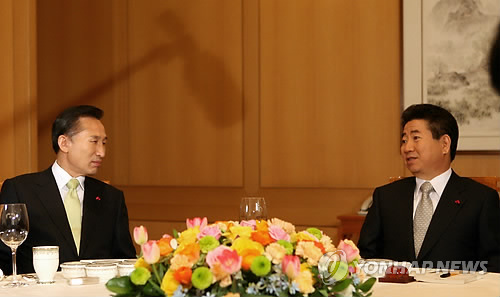 | △ '성완종 특별사면' 누가 주도했나 (서울=연합뉴스) 성완종 전 경남기업 회장의 2008년 1월1일자 특별사면에 대해 새누리당은 당시 노무현 대통령측이, 새정치민주연합은 이명박 대통령 당선인측이 주도했다고 서로 주장하며 여야가 격돌하고 있다. 사진은 2007년 12월 28일 오후 청와대에서 회동하는 노무현 대통령과 이명박 대통령 당선인. 2015.4.23 <<연합뉴스 DB>> zjin@yna.co.kr |
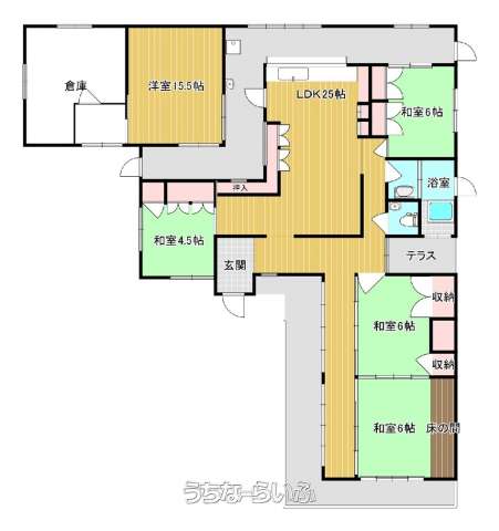 | 間取り | 5LDK ( 洋15.5 和6 和6 和6 和4.5 LDK25 ※※未登記の増築部分あり) | ||
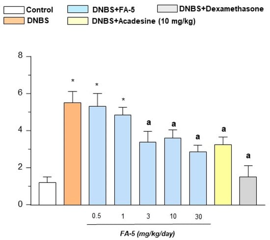 Microscopic damage score estimated for colon in rats under normal conditions or with DNBS-induced colitis, either alone or after treatment with FA5 (0.5–30 mg/kg/day), acadesine (mg/kg/day), or dexamethasone (1 mg/kg). Each column represents the mean ± standard error of the mean (SEM) (n = 8). * p < 0.05, significant difference vs. control group; a p < 0.05, significant difference vs. DNBS group.
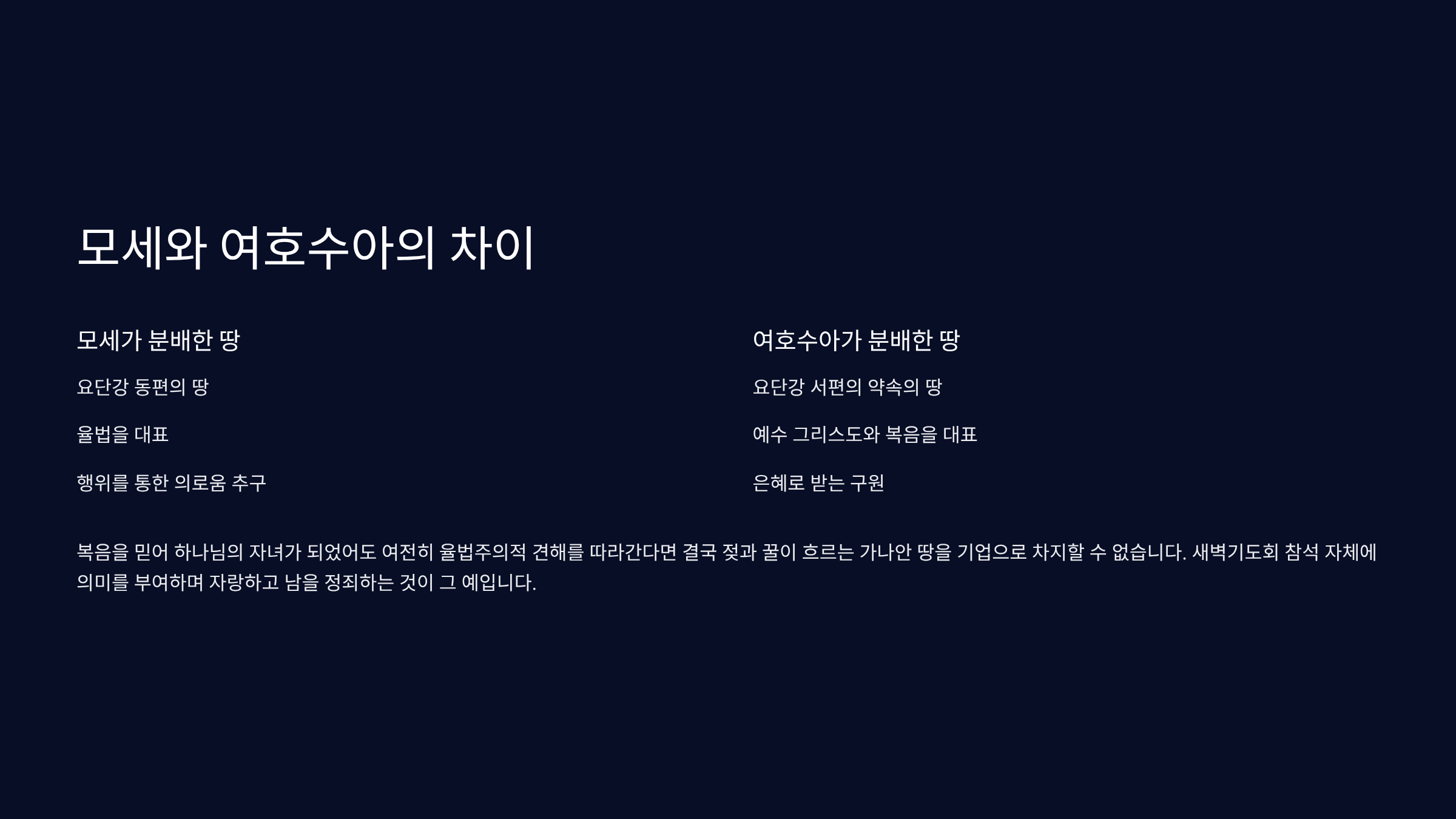 넷째, 요단 동편의 땅은 모세가 기업으로 분배해준 땅이었다는 사실이다(민 32:33, 수 13:1, 15, 24, 29). 그런데 요단강 서편의 약속으 땅은 여호수아가 분배해준 땅이다. 여기서 '모세'는 율법을 대표하고, '여호수아'는 예수 그리스도와 복음을 대표한다. 이것은 오늘날 우리 성도들이 복음을 믿어 하나님의 자녀가 되었어도 여전히 율법의 잘못된 견해를 따라간다면 결국에 젖과 꿀이 흐르는 가나안 땅을 기업으로 차지할 수 없음을 시사해준다. 여기서 '율법의 잘못된 견해를 따라가는 것'은 오늘날에 복음을 듣더라도 어떤 행위들을 통해 의롭다함을 얻으려는 시도를 가리킨다. 예를 들어. "나는 새벽기도를 다니니까 너보다 경건해"라고 생각하는 것이다. 이 사람에게서는 새벽기도회에 나오긴 나왔는데, 이때 어떤 말씀을 듣고 어떻게 기도했는지가 중요한 것이 아니라 새벽기도에 나왔다는 것 자체에 의미를 부여하고, 그것으로 자신을 자랑하고 그것을 하지 못하는 사람을 정죄하는 것을 가리킨다. 그러므로 율법주의적으로 살고 있는 사람은 본인이 비록 하나님의 자녀가 되었다고 할지라도 결국 약속의 땅인 천국에 들어가지 못하게 되는 것이다. 자, 이후에 있어진 두 지파 반의 이야기를 살펴보자. 두 지파 반은 모세와의 약속대로, 가나안 정복 전쟁에 선봉으로 참여하여 젖과 꿀이 흐리는 가나안 땅에서 7년간 함께 싸웠다. 그들은 전쟁의 의무를 다했지만, 전쟁이 끝난 후 그들이 돌아간 곳은 약속의 땅이 아닌 자신들이 선택한 요단 동편이었을 뿐이다. 이는 매우 심각한 영적 의미를 말해준다. 이는 교회 공동체 안에서 함께 신앙생활을 하고, 영적 전쟁에 참여하며, 동일한 사역을 감당했을지라도, 그 마음의 중심이 어디를 향하고 있느냐에 따라 마지막에 얻는 기업이 달라질 수 있다는 것을 보여주기 때문이다.

REQUIRED ACTION: In your answer, set down the full listing word for word and include no pictures.

EXERCISE OUTPUT:
 | △ '성완종 특별사면' 누가 주도했나 (서울=연합뉴스) 성완종 전 경남기업 회장의 2008년 1월1일자 특별사면에 대해 새누리당은 당시 노무현 대통령측이, 새정치민주연합은 이명박 대통령 당선인측이 주도했다고 서로 주장하며 여야가 격돌하고 있다. 사진은 2007년 12월 28일 오후 청와대에서 회동하는 노무현 대통령과 이명박 대통령 당선인. 2015.4.23 <<연합뉴스 DB>> zjin@yna.co.kr |
 | 間取り | 5LDK ( 洋15.5 和6 和6 和6 和4.5 LDK25 ※※未登記の増築部分あり) | ||
 Microscopic damage score estimated for colon in rats under normal conditions or with DNBS-induced colitis, either alone or after treatment with FA5 (0.5–30 mg/kg/day), acadesine (mg/kg/day), or dexamethasone (1 mg/kg). Each column represents the mean ± standard error of the mean (SEM) (n = 8). * p < 0.05, significant difference vs. control group; a p < 0.05, significant difference vs. DNBS group.
 넷째, 요단 동편의 땅은 모세가 기업으로 분배해준 땅이었다는 사실이다(민 32:33, 수 13:1, 15, 24, 29). 그런데 요단강 서편의 약속으 땅은 여호수아가 분배해준 땅이다. 여기서 '모세'는 율법을 대표하고, '여호수아'는 예수 그리스도와 복음을 대표한다. 이것은 오늘날 우리 성도들이 복음을 믿어 하나님의 자녀가 되었어도 여전히 율법의 잘못된 견해를 따라간다면 결국에 젖과 꿀이 흐르는 가나안 땅을 기업으로 차지할 수 없음을 시사해준다. 여기서 '율법의 잘못된 견해를 따라가는 것'은 오늘날에 복음을 듣더라도 어떤 행위들을 통해 의롭다함을 얻으려는 시도를 가리킨다. 예를 들어. "나는 새벽기도를 다니니까 너보다 경건해"라고 생각하는 것이다. 이 사람에게서는 새벽기도회에 나오긴 나왔는데, 이때 어떤 말씀을 듣고 어떻게 기도했는지가 중요한 것이 아니라 새벽기도에 나왔다는 것 자체에 의미를 부여하고, 그것으로 자신을 자랑하고 그것을 하지 못하는 사람을 정죄하는 것을 가리킨다. 그러므로 율법주의적으로 살고 있는 사람은 본인이 비록 하나님의 자녀가 되었다고 할지라도 결국 약속의 땅인 천국에 들어가지 못하게 되는 것이다. 자, 이후에 있어진 두 지파 반의 이야기를 살펴보자. 두 지파 반은 모세와의 약속대로, 가나안 정복 전쟁에 선봉으로 참여하여 젖과 꿀이 흐리는 가나안 땅에서 7년간 함께 싸웠다. 그들은 전쟁의 의무를 다했지만, 전쟁이 끝난 후 그들이 돌아간 곳은 약속의 땅이 아닌 자신들이 선택한 요단 동편이었을 뿐이다. 이는 매우 심각한 영적 의미를 말해준다. 이는 교회 공동체 안에서 함께 신앙생활을 하고, 영적 전쟁에 참여하며, 동일한 사역을 감당했을지라도, 그 마음의 중심이 어디를 향하고 있느냐에 따라 마지막에 얻는 기업이 달라질 수 있다는 것을 보여주기 때문이다.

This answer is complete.